Закончив этот рассказ, он провел меня по широкой каменной лестнице в отведенные мне апартаменты. Пройдя через анфиладу высоких комнат, очень просторных, но наводящих жуткую тоску, мы попали в просторное помещение, где стояла выдвижная кровать с занавесками из выцветшего желтого дамаста, старый стол, ножки которого когда-то были позолоченными, и полдюжины пыльных стульев. К стене было подвешено огромное зеркало, почти лишенное отражающей способности, в причудливой старомодной раме, в то время как сама стена была украшена разноцветными гобеленами со сценами из Ветхого Завета. Время и моль сделали свое дело: гобелен висел в лохмотьях и колыхался от малейшего движения. Царь Соломон восседал без головы на своем судейском троне, а руки нечестивых старейшин давно истлели. Я чувствовал себя совсем неуютно в этом своем уединенном жилище; гораздо охотнее я обосновался бы на постоялом дворе, и о, если бы я так и сделал!

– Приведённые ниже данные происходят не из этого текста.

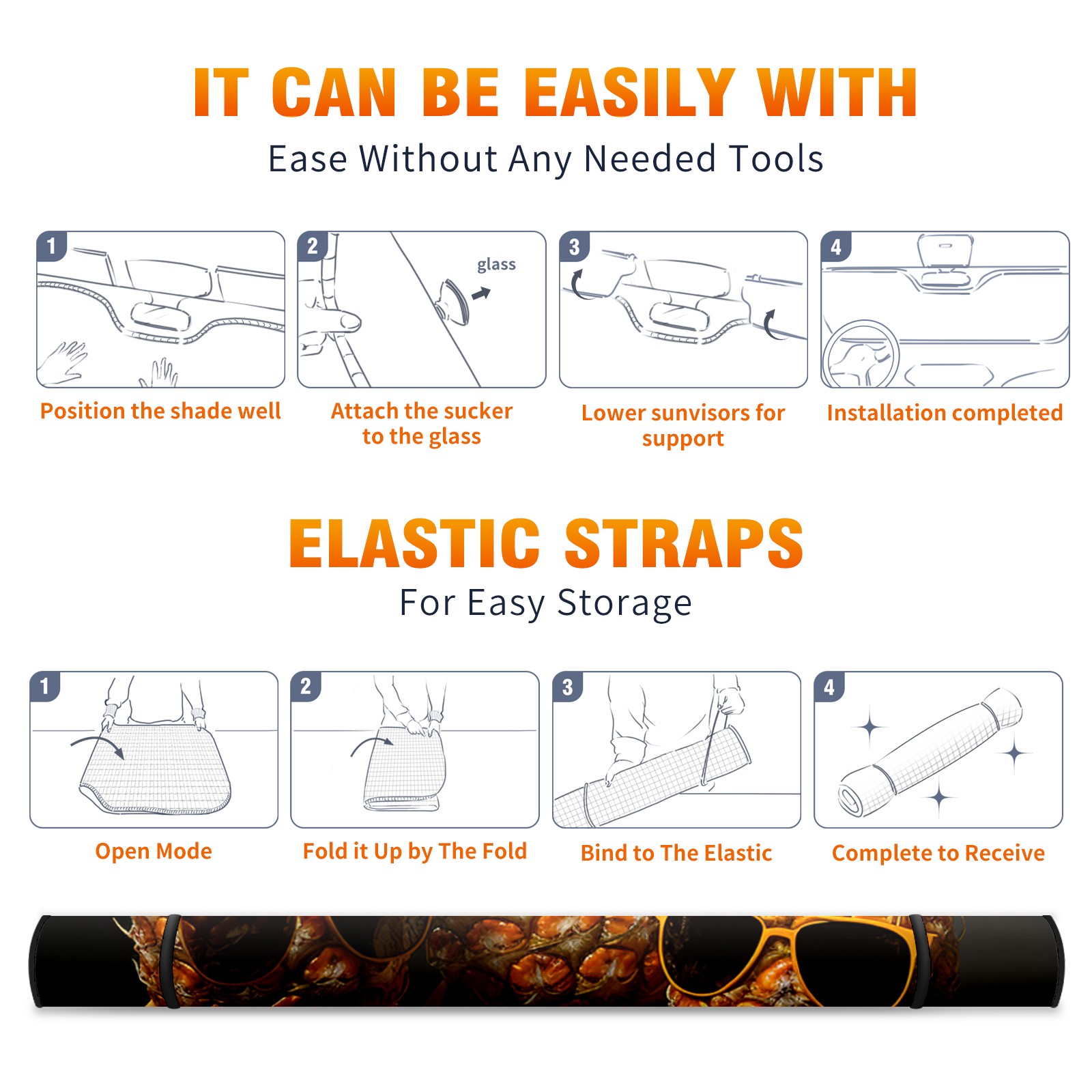 • Diameter /Size 63"L x 33.5"W Made from excellent materials which makes it sturdy and protects the car from the sun. Easy to use and pack. Makes the interior of the car cooler.You can easily stash the sunshade in the storage bag or store long term.It open and closes easy. Also the leather storage bag is durable and easy to put the umbrella back into.This windshield sunshade provides complete coverage and keeps your car interior cool under direct sun. It is easy to open and position under the windshield and around the rear-view mirror. Makes Your Car Easy To Identify, Perfect For Finding Your Car In Crowded Parking Lots And Garages.Great Choice: It Is A Great Gift For Dad, Boyfriend, Brother, Brother And Uncle, Friends, Classmates, Family And So On. Notice: Due To Difference Computer Monitors, The Color Maybe Slightly Different From Picture. As Different Measurement Methods, Measurement Data Will Float Within 2%.I Hope You Understand. If You Have Any Question About The Item Please Do Not Hesitate To Contact Us Immediately And We Will Give You A Satisfactory Reply Within 24 Hours.

Но я держал язык за зубами — отчасти из чистой нервозности, отчасти потому, что не хотел казаться испуганным из-за столь близкого соседства с покойником. Более того, я не сомневался, что Лебрехт и опытный повар составят мне компанию на ночь. Первый не преминул зажечь две свечи на столе, так как быстро смеркалось, после чего удалился, чтобы раздобыть для меня средства к существованию и тому подобное, забрать мой багаж и известить вышеупомянутого опытного повара о том, что пришло время приступить к ее обязанностям. Мой багаж прибыл вовремя, равно как и все необходимое для трапезы; но как только я возместил Лебрехту деньги, которые он потратил на меня, он пожелал мне спокойной ночи и немедленно удалился.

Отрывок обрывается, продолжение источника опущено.